2018年7月12日

血管透過性制御に関わるタンパク質を明らかに

岡田准教授は、血管だけに存在するタンパク質「Robo4」に注目して研究している。Roboは細胞内にシグナルを伝達する受容体で、4種類ある。「Robo1からRobo3までは脳内の神経細胞で機能しています。ところがRobo4は神経細胞でなく血管だけに存在していることが明らかになり、Robo4は血管で一体何をしているのだろう?と不思議に思う気持ちから、研究を始めました」
岡田准教授は、Robo4を持たないマウスが炎症に弱いことを明らかにした。「Robo4を持たないマウスに細菌成分を投与すると、通常のマウスより高い確率で死にました。

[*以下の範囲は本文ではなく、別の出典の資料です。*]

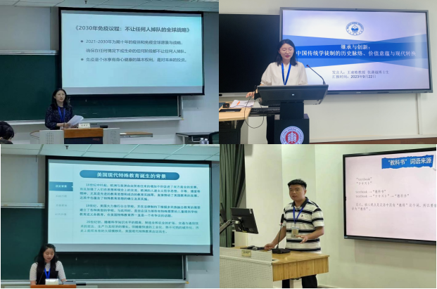 在22日下午的五个分会场中,学部王凌皓教授与张潇越博士生做了题为《继承与创新:中国传统学徒制的历史脉络、价值意蕴及现代转换》的发言,侯素芳副教授做了《美国儿童入学疫苗接种法:历程、特征及启示》的发言。另有博士生黄晶与博士生苏梦若分别做了《论美国特殊儿童协会创始者伊丽莎白·法雷尔的特殊教育思想》、《中外“教科书”溯源探析》的报告。
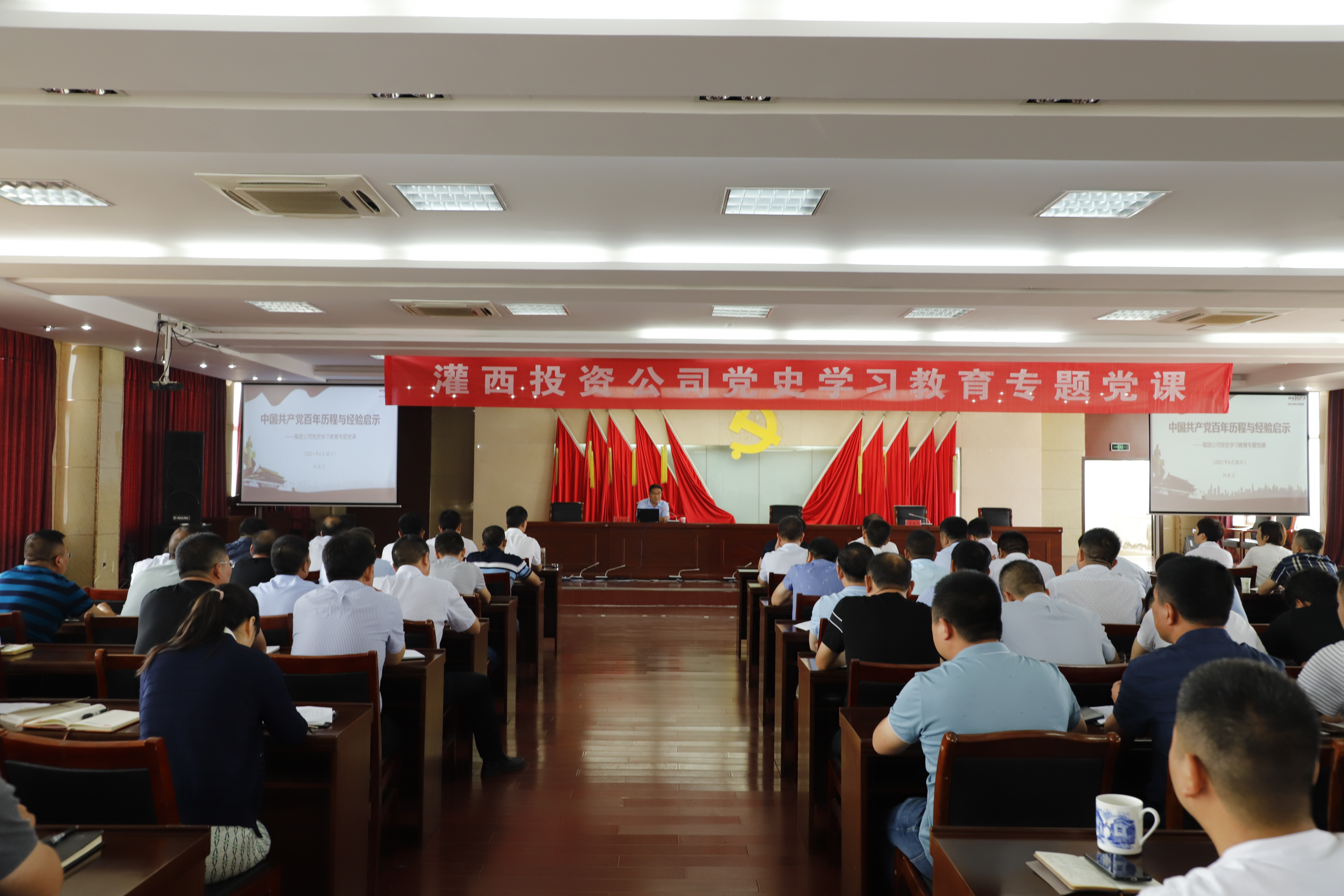 按照集團(tuán)公司統(tǒng)一安排部署,推進(jìn)黨史學(xué)習(xí)教育走深走實(shí),6月30日上午,灌西投資公司舉辦黨史學(xué)習(xí)教育專題黨課學(xué)習(xí)會(huì)。集團(tuán)工會(huì)主席劉承志以“中國共產(chǎn)黨百年歷程與經(jīng)驗(yàn)啟示”為題專題授課。投資公司領(lǐng)導(dǎo)班子成員、各單位黨政負(fù)責(zé)人、機(jī)關(guān)全體黨員參加學(xué)習(xí)。灌西投資公司黨委書記、董事長、總經(jīng)理李國文主持會(huì)議。

Robo4を持たないマウスは、炎症の際に血管の透過性が上がり過ぎ、肺など複数の臓器で血管から血液が漏れてしまうことが原因でした」。このことから、Robo4は炎症時の血管透過性を抑える働きをすることが判明。「血管の透過性が亢進しすぎて起こる炎症性疾患を、Robo4が抑える作用を持つという、とても興味深い結果でした」

新しい仕組みで作用する炎症治療薬の提案

けがなどで病原体が体内に入ると、血管の内側をおおう血管内皮細胞に病原体が触れる。すると血管内皮細胞は免疫細胞とともに、炎症性サイトカインを放出する。このサイトカインは通常、血管透過性を高め病原体の効率的な除去を助けるが、敗血症など重症感染症では、延々と続く炎症のためサイトカイン濃度がどんどん高まってしまう「サイトカインストーム」という状態になる。「サイトカインストームは全身の血管の透過性を上げすぎてしまい、臓器不全などを招いて患者を死亡させてしまいます」。これまで、重症感染症の治療にはサイトカインストームを抑制する目的で、抗生物質やステロイドが用いられてきた。これらの薬は有用なものの、血管透過性を直接抑制することができない。そこで、岡田准教授たちは、血管透過性を抑制する新しい仕組みで作用する炎症治療薬として、血管のRobo4量を増やす薬を開発中だ。

Robo4に着目した創薬の実現へ

「Robo4はなぜ血管透過性を抑えるのか?」についてのメカニズム研究も進んでいる。最近の研究では、Robo4が敗血症以外の広い炎症疾患の治療標的となることも明らかにしている。「Robo4の機能の全容を解明し、安全性についての情報も得つつ、『阪大発の創薬』を実現させていきたいです」

脳の血管透過性コントロールにも挑戦

他にも、脳疾患を効率よく治療する技術についての共同研究が進行中だ。「脳の血管は透過性がとても低い。血液脳関門という、血管内の異物を脳に入れない仕組みがあるのです。脳を守る大事な仕組みですが、血液中の薬が脳に届かず、脳疾患を効率よく治療できないことが問題になっています。我々は、脳の血管透過性を一時的に高め、効率よく脳に薬を届ける技術の開発も進めています。」

●岡田欣晃(おかだ よしあき)
2003年大阪大学薬学研究科修了、薬学博士。同年ハーバード大学医学部研究員、06年大阪大学薬学研究科助手、07年同研究科助教を経て、12年より現職。